Could fashion's use of exotic skins and fur fuel the next pandemic?

Photo credit: Daniel Zuchnik - Getty ImagesPhoto credit: Daniel Zuchnik - Getty Images
Photo credit: Daniel Zuchnik – Getty Images

From Harper’s BAZAAR

The coronavirus crisis has turned a spotlight on squalid live-animal meat markets, where sick and stressed animals of all types are crowded together in public areas – creating the perfect breeding ground for dangerous zoonotic diseases that can jump the species barrier and infect humans. Just recently, a number of health agencies including the United Nations and the World Health Organisation joined forces to highlight humanity’s “broken relationship with nature” and analyse the reasons behind all the diseases being transmitted from animals to humans.

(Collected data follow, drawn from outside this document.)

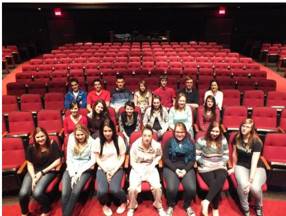
Troupe La meute

Découvrez l'art de Shakespeare dans un monde surprenant avec des personnages colorés, uniques et attachants.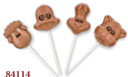
84114 Schokolutscher Bauernhoftiere, Vollmilch 4 Stück pro Verkaufseinheit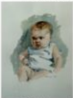
il latte 1987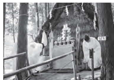
復元氷室での福住氷まつり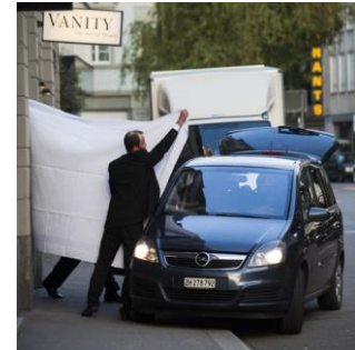
FIFA-Funktionäre in Zürich verhaftet

In gewissen Fällen werfen die Medien der Schweiz vor, zu pfleglich mit der FIFA umgegangen zu sein und erst unter Druck der USA gehandelt zu haben. Sehr kritisch beurteilen die Medien die Rolle Sepp Blatters. Die Kritik richtet sich jedoch gegen die Person des FIFA-Präsidenten und nicht gegen die Schweiz direkt. Sie hat allerdings aufgrund der von den Medien oft erwähnten Schweizer Nationalität Blatters auch eine gewisse Relevanz für die Wahrnehmung der Schweiz. Die regionalen Unterschiede in der Berichterstattung sind insgesamt klein. Am intensivsten und kritischsten wird das Thema in Europa und insbesondere in Grossbritannien verfolgt. Stark ist das Interesse auch in den USA. In den meist lateinamerikanischen Herkunftsländern der Verhafteten folgt die Berichterstattung den skizzierten Linien, allerdings mit stärkerem Fokus auf die verhafteten Personen.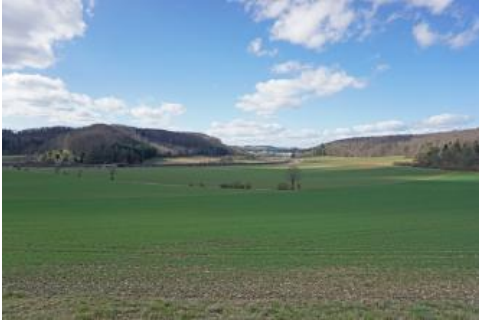
Trockental zwischen Amstetten-Bahnhof und Lonsee-Urspring (Längental)

In den Trockentalmulden der Albhochfläche finden sich verbreitet tiefgründige Lehmböden aus abgeschwemmtem Bodenmaterial, die bis in den Unterboden einen geringen bis mittleren Humusgehalt aufweisen (Kolluvien, o8 , o4 , o30 ). Zusammen mit den Parabraunerden aus Lösslehm und lösslehmreichen Fließerden sind sie die günstigsten Böden für die Land- und Forstwirtschaft in der Bodengroßlandschaft. Deutlich ungünstigere Eigenschaften haben die nur mittel und mäßig tiefen kalkhaltigen, z. T. steinigen Kolluvien im Verbreitungsgebiet von Mergel- und Kalkmergelsteinen auf der Albhochfläche ( o24 ). Das Solum ist deutlich toniger und im Unterboden oft nur mäßig durchwurzelbar. Die nFK ist mit 50–90 mm als gering einzustufen.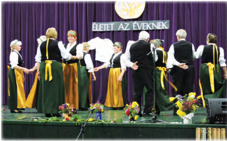
Palotás – Szentgáli Nyugdíjas Klub Tiszafa Táncköre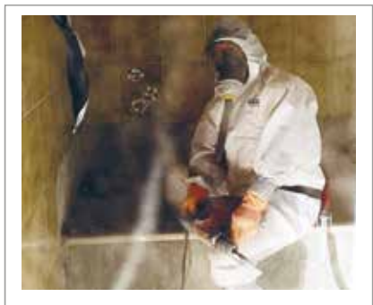
im Hochbau - bei Schadstoffsanierungen

According to the US Centers for Disease Control and Prevention, “Approximately 75 percent of recently emerging infectious diseases affecting people began as diseases in animals.” Confining and killing animals for exotic skins and furs used in luxury fashion also brings humans into contact with animals in conditions conducive to disease transmission. Indulging in pieces that fuel the fur and exotic-skins trade could very well cause the next pandemic.

Conservation experts have issued a warning that the global trade in the skins of exotic animals killed to make bags, belts, and boots can contribute to the spread of diseases to humans. The industry is directly linked to meat markets like the one in Wuhan, China, where coronavirus is believed to have originated. When alligators, crocodiles, snakes, and stingrays are killed for their skin, their flesh is often sold as “exotic meat” at markets in Africa and Southeast Asia, helping these businesses stay profitable. Exposés by PETA and its international affiliates have revealed that alligators raised for their skin are packed together in pools of fetid water with highly unhygienic conditions. Crocodiles are confined by the thousands to concrete pits from birth until slaughter. Workers who handle these animals – sometimes without proper protective gear – are playing Russian roulette with their health. We already know that interacting with reptiles puts humans at risk of various bacterial infections, and filthy conditions create potentially dangerous breeding grounds for many zoonotic pathogens, such as the West Nile virus, salmonella, vibrio, E coli, and trichinella.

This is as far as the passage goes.